TASK DETAILS:
Below is a block of entries; repeat exactly the lines starting at the line that contains "Go to WordPress" and ending at the line that contains "Conectividade dos equiposConexión", both included.

RECORDS SUPPLIED:
▬▬▬▬▬▬▬▬▬▬

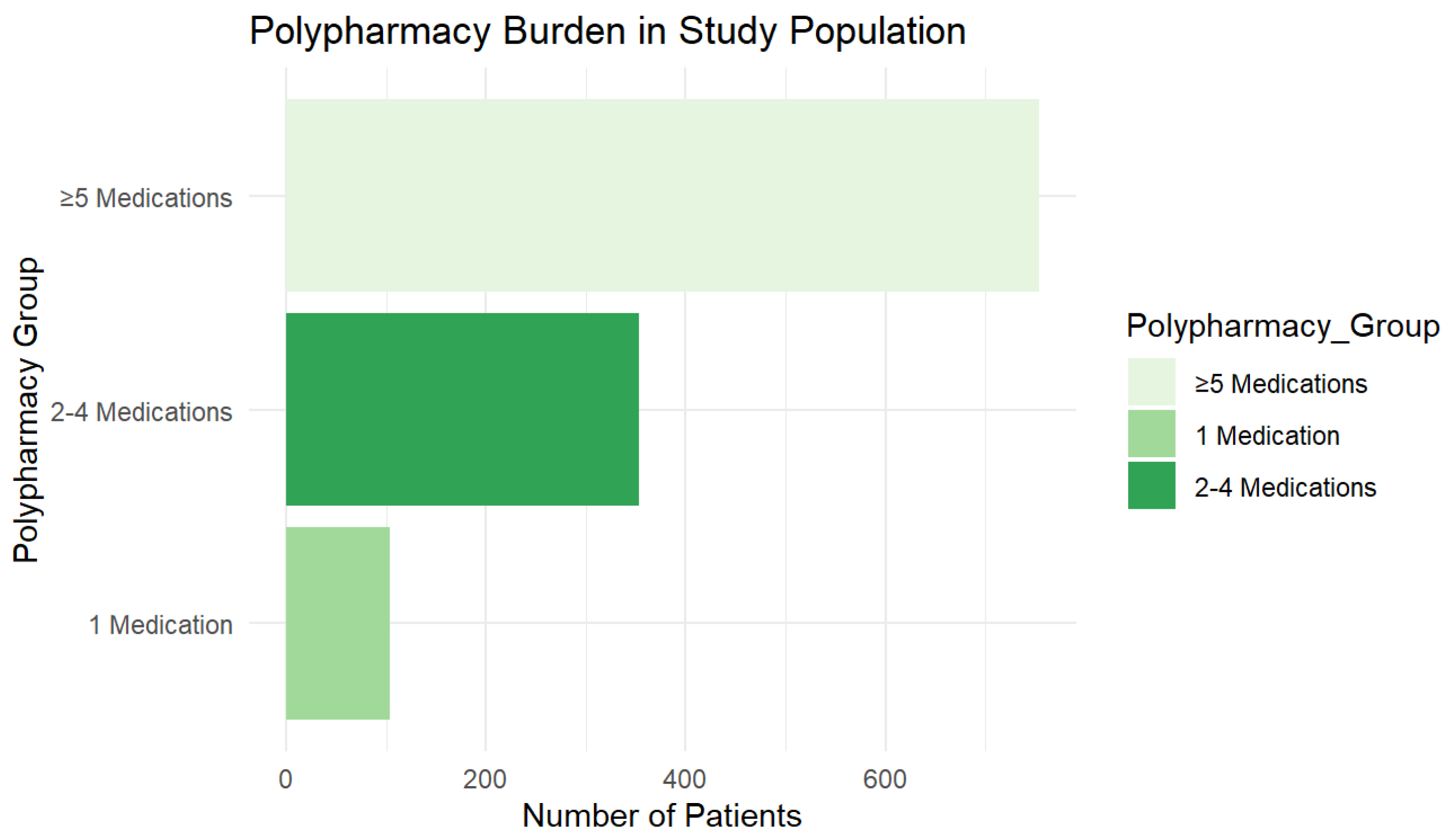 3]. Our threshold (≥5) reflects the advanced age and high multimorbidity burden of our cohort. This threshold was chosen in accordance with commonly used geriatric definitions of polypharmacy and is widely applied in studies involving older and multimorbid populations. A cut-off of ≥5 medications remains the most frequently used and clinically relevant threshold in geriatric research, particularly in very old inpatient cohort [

▬▬▬▬▬▬▬▬▬▬

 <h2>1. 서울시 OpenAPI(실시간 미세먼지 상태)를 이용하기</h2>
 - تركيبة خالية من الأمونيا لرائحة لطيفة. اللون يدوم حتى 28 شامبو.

▬▬▬▬▬▬▬▬▬▬

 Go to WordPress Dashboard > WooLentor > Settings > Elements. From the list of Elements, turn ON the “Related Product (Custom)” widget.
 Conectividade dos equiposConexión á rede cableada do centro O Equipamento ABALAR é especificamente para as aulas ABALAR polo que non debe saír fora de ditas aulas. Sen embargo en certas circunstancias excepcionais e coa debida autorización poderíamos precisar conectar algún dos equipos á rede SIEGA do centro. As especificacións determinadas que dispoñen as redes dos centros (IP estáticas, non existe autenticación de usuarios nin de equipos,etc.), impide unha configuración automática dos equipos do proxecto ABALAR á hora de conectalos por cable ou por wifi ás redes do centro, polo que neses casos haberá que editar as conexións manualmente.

▬▬▬▬▬▬▬▬▬▬

EXPECTED ANSWER:
 Go to WordPress Dashboard > WooLentor > Settings > Elements. From the list of Elements, turn ON the “Related Product (Custom)” widget.
 Conectividade dos equiposConexión á rede cableada do centro O Equipamento ABALAR é especificamente para as aulas ABALAR polo que non debe saír fora de ditas aulas. Sen embargo en certas circunstancias excepcionais e coa debida autorización poderíamos precisar conectar algún dos equipos á rede SIEGA do centro. As especificacións determinadas que dispoñen as redes dos centros (IP estáticas, non existe autenticación de usuarios nin de equipos,etc.), impide unha configuración automática dos equipos do proxecto ABALAR á hora de conectalos por cable ou por wifi ás redes do centro, polo que neses casos haberá que editar as conexións manualmente.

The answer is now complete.